Dr Jo Burzynska is a New Zealand-based sound artist, wine writer, researcher and curator. Her work in these areas has increasingly converged in the production of multisensory art and the design of immersive environments, which include the establishment of the world’s first ‘wine and sound’ bar. As a sound/multisensory artist she has exhibited, performed and released her work around the world, while in her role as an international wine critic and judge, she has written widely read wine columns and is the author of Wine Class: All You Need to Know About Wine in New Zealand (Random House).
Her installations and performances are regularly created at the intersection of the senses, often combining her specialisations of audition and the chemical senses (taste and olfaction). Recent years have seen her work on numerous projects that fuse multisensory art and science, which has involved research with leading figures in the fields of experimental psychology, cognitive neuroscience and sensory science. She was awarded a PhD for her interdisciplinary research that investigated sensory and aesthetic interactions between sound and flavour/aroma and their creative application.

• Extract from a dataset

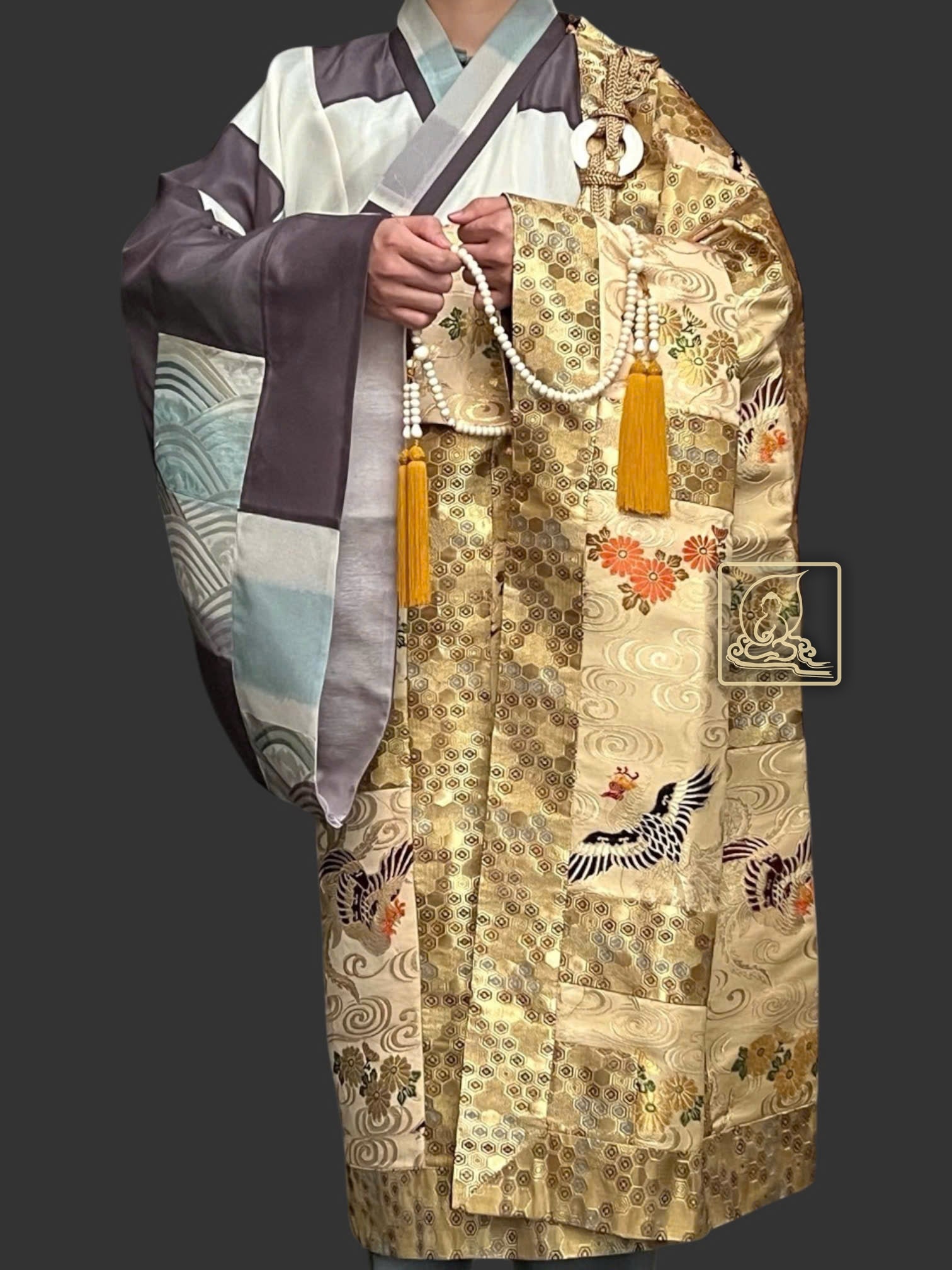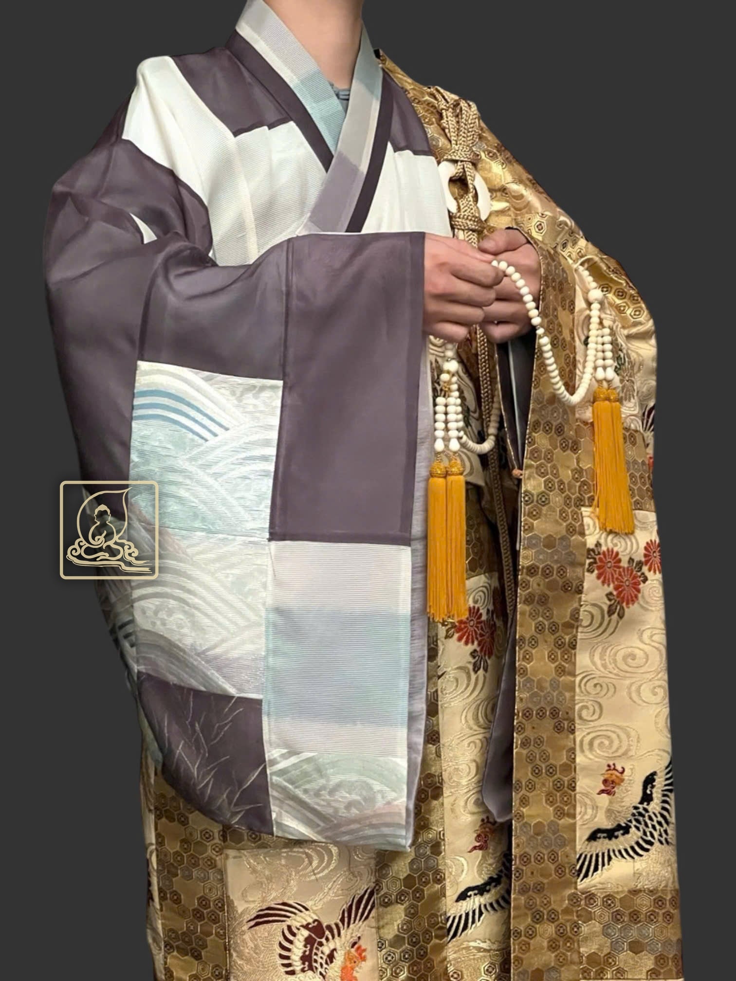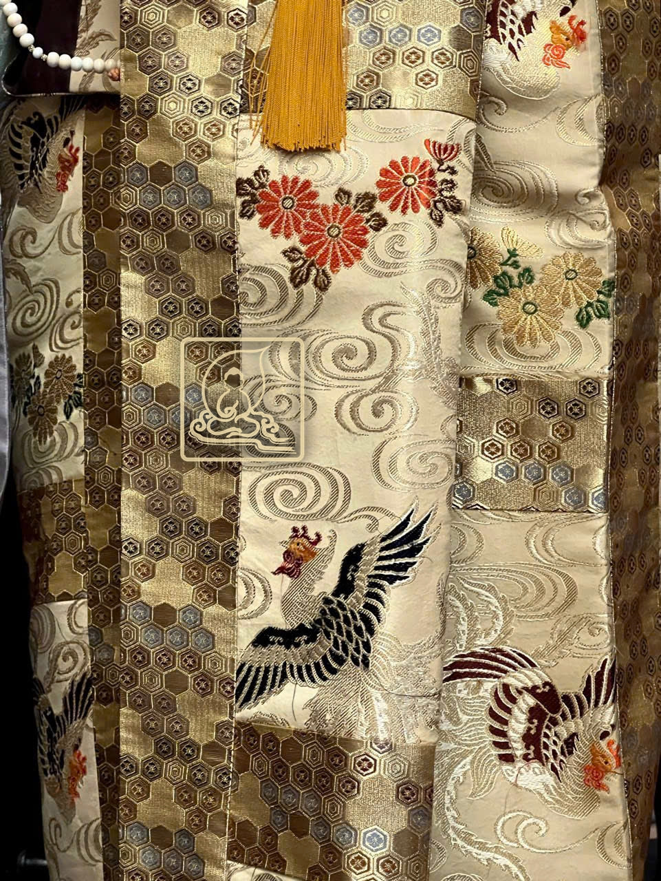 Với họa tiết hoa văn Phượng đặc sắc làm ruộng y được cẩn chế từ gấm Nhật dệt thủ công kết hợp sợi chỉ vàng, phối chung với điều y dệt họa tiết hoa văn mandala, kết hợp với áo hậu theo kiểu bá nạp từ chất vải sa Nhật, thể hiện nét đẹp trong thiền môn và phước báu của bậc chân tu trên con đường phổ hoá chúng sanh . Pháp y được may theo phong cách y xưa vào thời Đường truyền thống, vốn đã bị mai một ở một số quốc gia, ngoại trừ Việt Nam và Nhật Bản. Với bần bà Nhật kiểu thắt dây bệt từ dây tơ đặc sắc riêng biệt

Her art includes the participatory sound and wine work, Oenosthesia which, after its premiere at the Intereferenze FARM Festival in Tufo, Italy (2012), went on to be shown at Italy’s national museum of contemporary art, MAXXI in Rome; Studio Sienko in London and the Dunedin Public Art Gallery, Audio Foundation and Physics Room galleries in New Zealand. Her recent audio-olfactory work, La Chevelure, which transposes the symbolism of a Baudelaire poem into metaphorical mixtures of actual sounds and scent, was shown at the Institute for Art and Olfaction Los Angeles; Milieux Institute in Montreal and May Space Gallery in Sydney. Jo has also had her sound work released internationally on labels such as the solo album Avast! (CD) on Belgium’s Entr’acte and Touch (UK).
She was one of the founders and a curator of The Auricle Sonic Arts Gallery in Christchurch, New Zealand, the South Island’s only sonic arts gallery and public multichannel performance space. This included the world’s first dedicated wine and sound bar where she curated an “oenosthetic” wine list, in which wines were matched to the current exhibition and the music playlist she created for the space.
As a writer she is actively involved with communicating about sound art, experimental music and wine. She was the co-editor of Writing Around Sound and has written for the likes of the UK’s The Wire magazine and contributed chapters to books such as A Record Could Be Your Whole World, edited by Bruce Russell and Luke Wood (Ilam Press, 2024). In the area of wine, as well as writing the book Wine Class, she has edited a number of wine magazines; is the wine editor of the New Zealand Herald’s Viva magazine; continues to contribute to specialist wine publications around the world and is a senior wine show judge. She has also worked in radio, hosting a number of experimental radio shows, on the UK’s Resonance FM to Christchurch’s RDU, and as a wine commentator on Radio New Zealand.
She is currently based in Lyttelton, New Zealand.